The findings were published in the Proceedings of the National Academy of Sciences, for which Impett and her research partners drew data from more than 6,600 speed dates.

Right behind the importance of the ‘partner effect’ was the ‘relationship effect’ or “the extent to which people uniquely desired each other,” says Impett, who earned her PhD at University of California. Known more plainly as compatibility, the ‘relationship effect,’ is the elusive quality that turns dates into relationships.

“Compatibility has been very hard to predict before people first interact – despite the popularity of dating apps which would make us believe that it's possible to predict compatibility before two people interact with each other,” says Impett, who is also the director of U of T’s Relationships and Well-Being Laboratory.

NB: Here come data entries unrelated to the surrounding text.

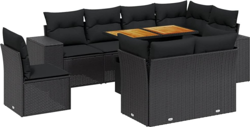 vidaXL vidaXL 9-cz. zestaw wypoczynkowy do ogrodu, z poduszkami, czarny
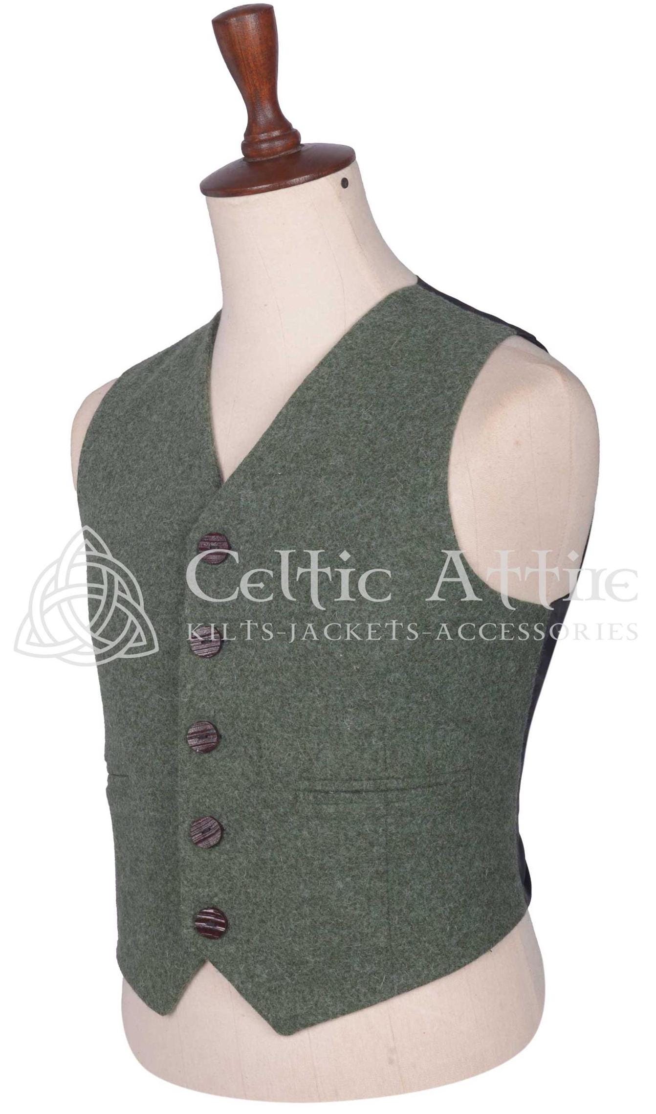 Green Lovat Wool Vest - Scottish Tweed Waistcoat - 5 Buttons Argyll...
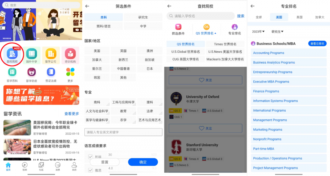 大家可以在【留学咖啡馆】APP 的“查找院校”版块下,可以点击筛选条件,根据国家/地区、专业等进行筛选;也可以根据学校排名、专业排名去选项目。
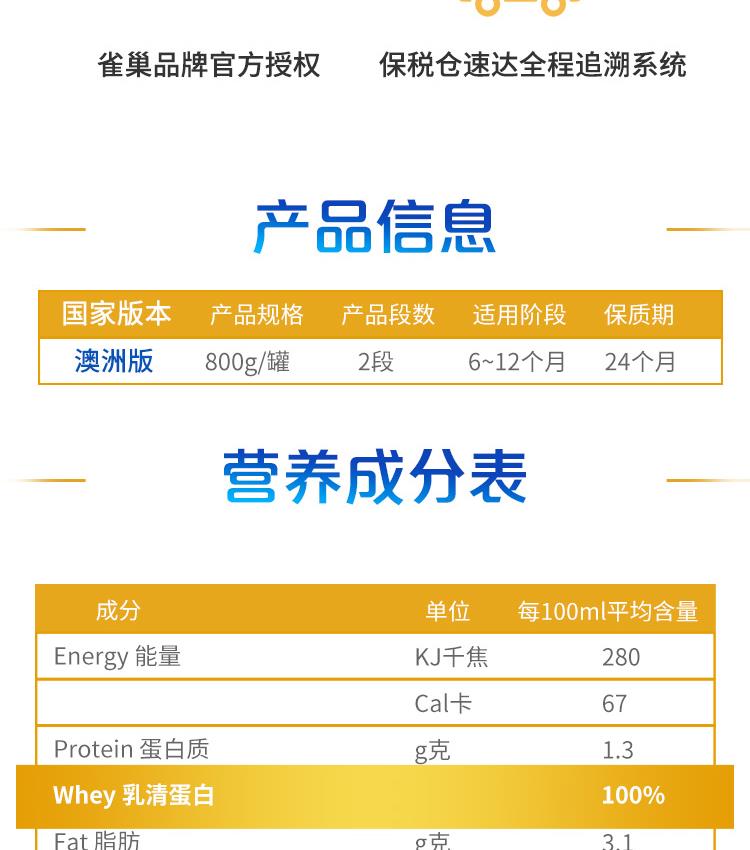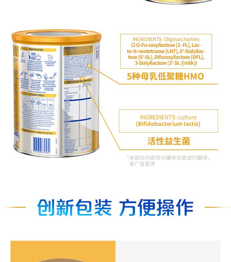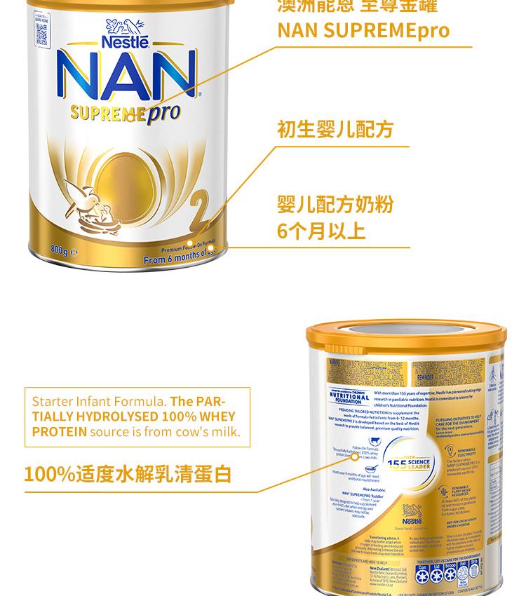 Nestle NAN HA 雀巢超级能恩金盾奶粉2段(6个月以上)口感清淡,奶味香醇,宝宝爱喝且不易上火。是专为6个月以上婴儿的营养需要而特殊调配的适度水解蛋白配方奶粉,富含乳清蛋白,维生素和矿物质,均衡比例的DHA和ARA并添加BL益生菌。全面为宝宝建立自身免疫系统提供帮助,让宝宝拥有更强免疫力,促进宝宝大脑、视力、消化系统和神经系统的健康生长发育,让宝宝拥有好眼力,好脑袋,好身体。

“But, we thought that once people have had an initial interaction with another person, compatibility would matter. And in fact, across our studies, we found that it did – it predicted how interested people were in another person and who they reached out to.”

The researchers organized three four-minute dating events featuring university students of various gender identities: Two sessions were held at Northwestern University in Illinois, while the third was at the Toronto 2015 Anime North comic book convention. Surveys issued immediately after the speed dates, and again 24 hours later, asked participants to rate initial desire and interest in further interaction.

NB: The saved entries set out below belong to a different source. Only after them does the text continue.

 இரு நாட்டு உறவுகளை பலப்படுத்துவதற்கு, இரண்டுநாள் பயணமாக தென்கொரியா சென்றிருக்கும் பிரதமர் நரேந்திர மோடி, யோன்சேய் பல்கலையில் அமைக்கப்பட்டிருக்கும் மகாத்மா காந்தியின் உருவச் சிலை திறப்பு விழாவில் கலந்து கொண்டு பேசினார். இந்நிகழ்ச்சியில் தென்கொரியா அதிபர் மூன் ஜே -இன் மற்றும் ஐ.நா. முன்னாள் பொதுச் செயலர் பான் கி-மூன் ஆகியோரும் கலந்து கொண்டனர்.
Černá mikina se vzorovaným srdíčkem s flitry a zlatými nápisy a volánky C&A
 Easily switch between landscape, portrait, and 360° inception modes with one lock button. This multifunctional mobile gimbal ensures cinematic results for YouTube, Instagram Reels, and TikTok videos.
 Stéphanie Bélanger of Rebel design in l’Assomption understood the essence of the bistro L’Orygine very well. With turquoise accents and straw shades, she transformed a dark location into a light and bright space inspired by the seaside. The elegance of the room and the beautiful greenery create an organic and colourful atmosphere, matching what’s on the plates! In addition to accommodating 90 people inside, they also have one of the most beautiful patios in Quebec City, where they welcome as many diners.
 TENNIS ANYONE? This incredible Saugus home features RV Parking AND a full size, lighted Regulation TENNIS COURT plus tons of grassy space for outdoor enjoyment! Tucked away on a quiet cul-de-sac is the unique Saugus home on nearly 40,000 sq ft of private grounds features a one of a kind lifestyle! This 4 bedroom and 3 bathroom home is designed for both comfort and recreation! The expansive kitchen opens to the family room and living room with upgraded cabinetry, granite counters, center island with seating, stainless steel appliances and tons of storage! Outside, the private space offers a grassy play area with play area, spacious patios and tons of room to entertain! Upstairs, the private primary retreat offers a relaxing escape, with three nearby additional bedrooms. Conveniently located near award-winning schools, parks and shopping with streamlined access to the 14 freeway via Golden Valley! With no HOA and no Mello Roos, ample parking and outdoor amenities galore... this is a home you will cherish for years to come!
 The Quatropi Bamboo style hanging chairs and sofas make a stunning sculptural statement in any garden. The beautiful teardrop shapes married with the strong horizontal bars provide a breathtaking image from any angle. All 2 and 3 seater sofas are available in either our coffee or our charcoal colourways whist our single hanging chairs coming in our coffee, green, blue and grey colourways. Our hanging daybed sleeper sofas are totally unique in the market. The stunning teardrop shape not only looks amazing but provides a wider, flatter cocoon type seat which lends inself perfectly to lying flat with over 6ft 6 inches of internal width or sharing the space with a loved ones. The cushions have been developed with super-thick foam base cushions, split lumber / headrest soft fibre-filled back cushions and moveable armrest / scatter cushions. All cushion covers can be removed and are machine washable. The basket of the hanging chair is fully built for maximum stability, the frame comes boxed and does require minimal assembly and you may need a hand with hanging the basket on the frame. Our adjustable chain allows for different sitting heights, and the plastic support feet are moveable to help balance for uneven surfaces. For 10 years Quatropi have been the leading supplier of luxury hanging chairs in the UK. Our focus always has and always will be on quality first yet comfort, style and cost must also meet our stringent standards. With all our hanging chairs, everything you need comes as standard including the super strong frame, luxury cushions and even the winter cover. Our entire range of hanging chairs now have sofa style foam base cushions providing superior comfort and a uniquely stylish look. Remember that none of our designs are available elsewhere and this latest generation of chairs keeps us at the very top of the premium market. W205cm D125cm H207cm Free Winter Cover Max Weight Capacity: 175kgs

The third factor the study considered was the ‘actor effect’, which examines if the grader tended towards high or low ratings overall.

Impett says the researchers believe there is a very good reason why humans put so much stock in first impressions: It’s good for our evolution.

“The mating of humans evolved in the context of monogamous pair-bonded relationships,” she says. “When choosing a potential mate or partner, humans needed to consider not just whether a potential mate had attractive qualities – had good genes, was fertile – but also whether that person would make a suitable partner to raise offspring and that they could have a lasting relationship with that person in the long term.”